If poetry becomes practical, according to Heaney,
it will not remain poetry, it will become a
propaganda.

The heckler, therefore, is going to have little


sympathy with Wallace Stevens when he declares
the poet to be a potent figure because the poet
‘creates the world to which we turn incessantly
and without knowing it, and ... gives life to the
supreme fictions without which we are unable to
conceive of [that world]’ - meaning that if our given
experience is a labyrinth, its impassability can still
be countered by the poet’s imagining some
equivalent of the labyrinth and presenting himself
and us with a vivid experience of it. 

Such an operation does not intervene in the actual


but by offering consciousness a chance to
recognize its predicaments, foreknow its
capacities and rehearse its comebacks in all kinds
of venturesome ways it does constitute a
beneficent event, for poet and audience alike.
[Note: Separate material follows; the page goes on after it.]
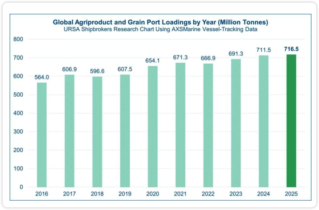 在全球主要农产品持续丰收与贸易回暖的带动下,干散货市场迎来新一轮增长动能。航运经纪机构 Ursa Shipbrokers 最新数据显示,2025年全球海运农产品贸易量创下历史新高,全年装运规模达到7.165亿吨,同比小幅增长1%。
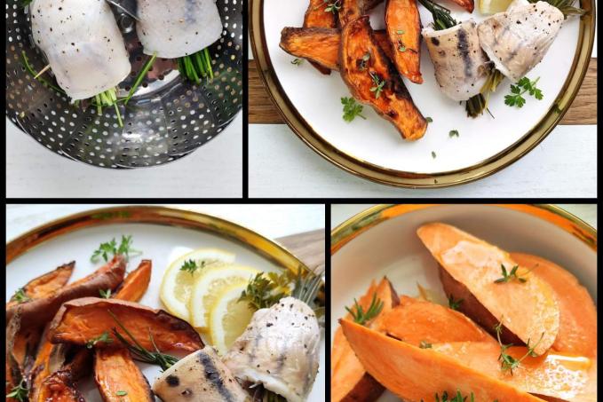 Filety z obou stran osolíme, opepříme a pokapeme citrónovou šťávou. Z bylinek si vytvoříme svazek a zamotáme do filetů, spíchneme párátkem. Víno dáme do hrnce, přikryjeme poklicí a počkáme až začne vařit, pak dáme pařáček s rybou a necháme 10 minut pod poklicí.

It
offers a response to reality which has a liberating
and verifying effect upon the individual spirit, and
yet I can see how such a function would be
deemed insufficient by a political activist.
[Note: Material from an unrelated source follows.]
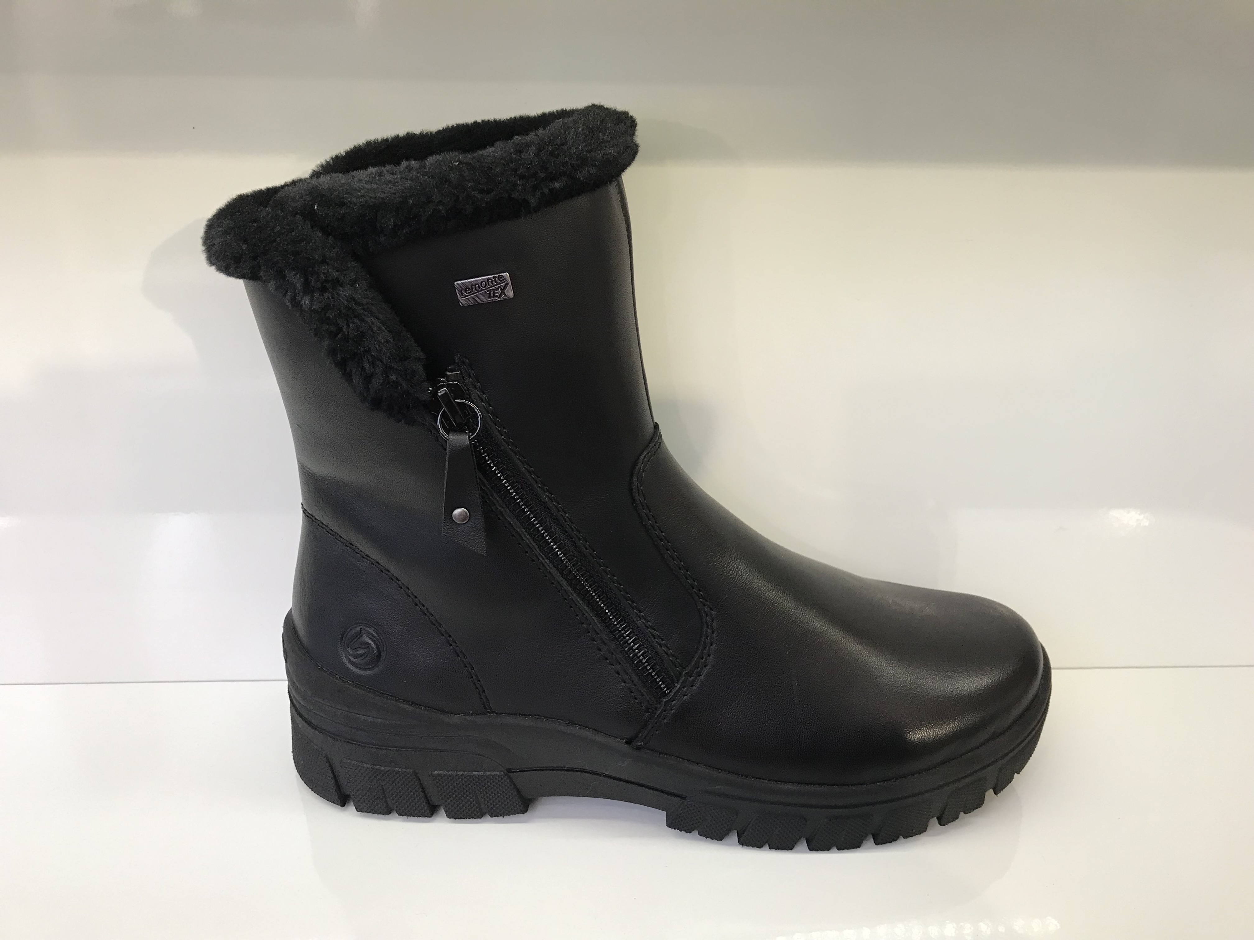 Damenstiefel von Remonte; Obermaterial: Glattleder mit Plüschrand am Schaft; Innematerial: Warmes Lammfellfutter; mit Membrane; herausnehmbares Fußbett; verstellbar durch zwei Reißverschlüsse; schwarze Sohle; PU-Laufsohle; mit Profilsohle; Farbe: Schwarz/Nero

For the activist, there is going to be no point in


envisaging an order which is comprehensive of
events but not in itself productive of new events.
Engaged parties are not going to be grateful for a
mere image - no matter how inventive or original -
of the field of force of which they are a part.
They will always want the redress of poetry to be
an exercise of leverage on behalf of their point of
view; they will require the entire weight of the thing
to come down on their side of the scales.
It is not the nature of poetry.

Heaney quotes Wallace Stevens in order to


evaluate his argument. Wallace says:
“Poetry creates an alternative world to the world of
fact. Poetry suggests what life ought to be. It
shows possibilities; it shows what is desirable”
Moreover, Poetry is about man. Poetry promotes,
love of men. Poetry shows that all men are
human beings and they deserve sympathy. But
politics tells us that some people deserve
sympathy and some deserve our wrath.
Poetry speaks of love for all people: Politics
forces people to kill other people. In fact, politics
divides men. If poetry becomes politics, it will not
remain poetry, it will become a propaganda and in
this way it will divide humanity into friends and
foes as in the case of the Irish men who were
killed in the rising of 1916 . But he is also sorry for
the Englishmen who died in the fight. Talking
about the humanitarian zeal of poetry.
Heaney says, that zeal considers both enemies
and friends as men. He does not discriminate
between the Irish People and the English people.
Both were fighting for their ideals. That is exactly
what poetry conveys to us, everyman whether
black or white; Irish or English has the same
feeling, passions and blood.
Heaney raises an interesting point here which is
also shared by Edward Said in “Culture and
Imperialism” that the sensibility of the people of
the colonies is coloured by the sensibility of the
imperial masters.
As the Irish condemn the English but they use
the English medium. Imperialism has inculcated in
their minds a culture that they tried to reject. But
this is also a very healthy experience. The Irish
hate the English, still they love Shakespeare and
Keats.
To conclude, Heaney tries to demonstrate that
poetry has a function in life, though not
ostentatious. The poet does nothing on purpose,
but poetry is a medium which by its very nature
serves a purpose as Wordsworth says that his
poetry has a purpose.
It is not meaningless activity. But this purpose is
not imposed upon poetry. Heaney believes that
poetry cannot be subjected to any particular
direction and nor limited to any certain aspect of
society.
He emphasises that poets should elevate their
services on universal level and poetry should be
above all racial, social and political prejudices.
This is how he justifies poetry and enumerates its
fuctions in his essay, ‘Redress of Poetry”.